John B Seal, MD, Thuong VanHa, MD, John C Alverdy, MD, Giuliano Testa, MD. University of Chicago Departments of Surgery and Radiology

Background: Bilioenteric anastomoses are commonly performed as a part of liver transplantation, reconstruction of the common bile duct following resection of benign and malignant tumors, congenital biliary malformations and traumatic injury. Anastomotic ischemia plays an important role in both short and long-term complications related to bilioenteric anastomoses. We describe a catheter-based, suture-free approach to bilioenteric anastomosis that reduces or eliminates factors that contribute to ischemia including trauma from duct manipulation, anastomosis tension and compression and retained foreign materials. The device is easy to use and its unique design avoids direct compression of the duct or trauma from sutures and duct manipulation.

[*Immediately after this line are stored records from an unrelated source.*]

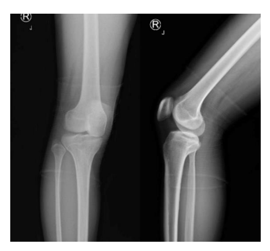
Figure 2. Anteroposterior and lateral standing x-ray of the right knee showed, widening of lateral joint space and increased concavity and subchondral sclerotic of the medial tibial plateau.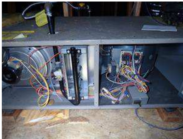
3.0 Picture 2 Unit 2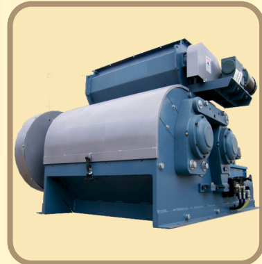
PYXEL HULLER (NEW MODEL)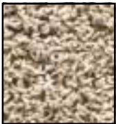
High Pile Carpeting

For homes with extensive use of wall to wall carpeting, a premium air turbine kit is an alternative to an electric kit. Designed for both high-pile padded carpet and carpet laid directly on hard floors, the turbo brush provides great cleaning. With the additional tools, this kit is also suited for hard floor surfaces such as tile and wood, as well as above-the-floor cleaning.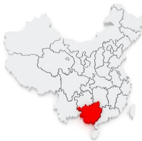
Figure 1 Map of Guangxi Province, China

The Jinxiu Yao Autonomous County is part of Laibin city, Guangxi Zhuang Autonomous Region, and is located in the east of the central part of Guangxi Zhuang Autonomous Region. It is connected to Mengshan County in the east, Pingnan County, Guiping City and Wuxuan County in the south, Xiangzhou County in the west, and Luzhai County and Lipu City in the north. The autonomous county is 62.4 kilometers from east to west and 93 kilometers from north to south, with a total area of 2,518 square kilometers. The Jinxiu Yao Autonomous County is surrounded by the DaYaoShan mountains, except for the northeastern margin of SanJiang township in the north, which is the border of the Jiaqiao ridge. The mountain area accounts for 73% of the county's total land area. The whole terrain is high in the middle, low on all sides, and surrounded by hills, terraces and small plains in the middle. (Website of Jinxiu Municipal People's Government, 2020)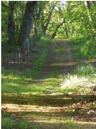
Walks in the wood

Materials and Methods: A hepaticojejunostomy was performed in two pigs using a catheter-based device and euthanized at 10-14 days for follow-up imaging and gross inspection of the anastomosis. Application of the device includes percutaneous introduction of a catheter through the common bile duct transected 2-3 cm from the liver. The catheter is advanced into the jejunum through a 5-8mm eneterotomy where an umbrella anchoring device is deployed. The bowel is drawn up in apposition to the transected duct over the percutaneous catheter which serves as an internal stent. The catheter and anchoring devices are secured with the capability to perform cholangiography for anastomosis surveillance.

Results: The procedure was well tolerated by the study animals with no evidence of bilioenteric anastomotic leak on cholangiogram studies. Gross inspection revealed a secure, sealed and patent anastomosis with no intraperitoneal evidence of bile leak.

Conclusion: This alternative catheter-based approach to bilioenteric anastomoses is safe and effective and offers potential advantages over traditional approaches by reducing anastomotic ischemia. Furthermore, the device is well suited to be deployed using laparoscopic and endoscopic approaches in the future.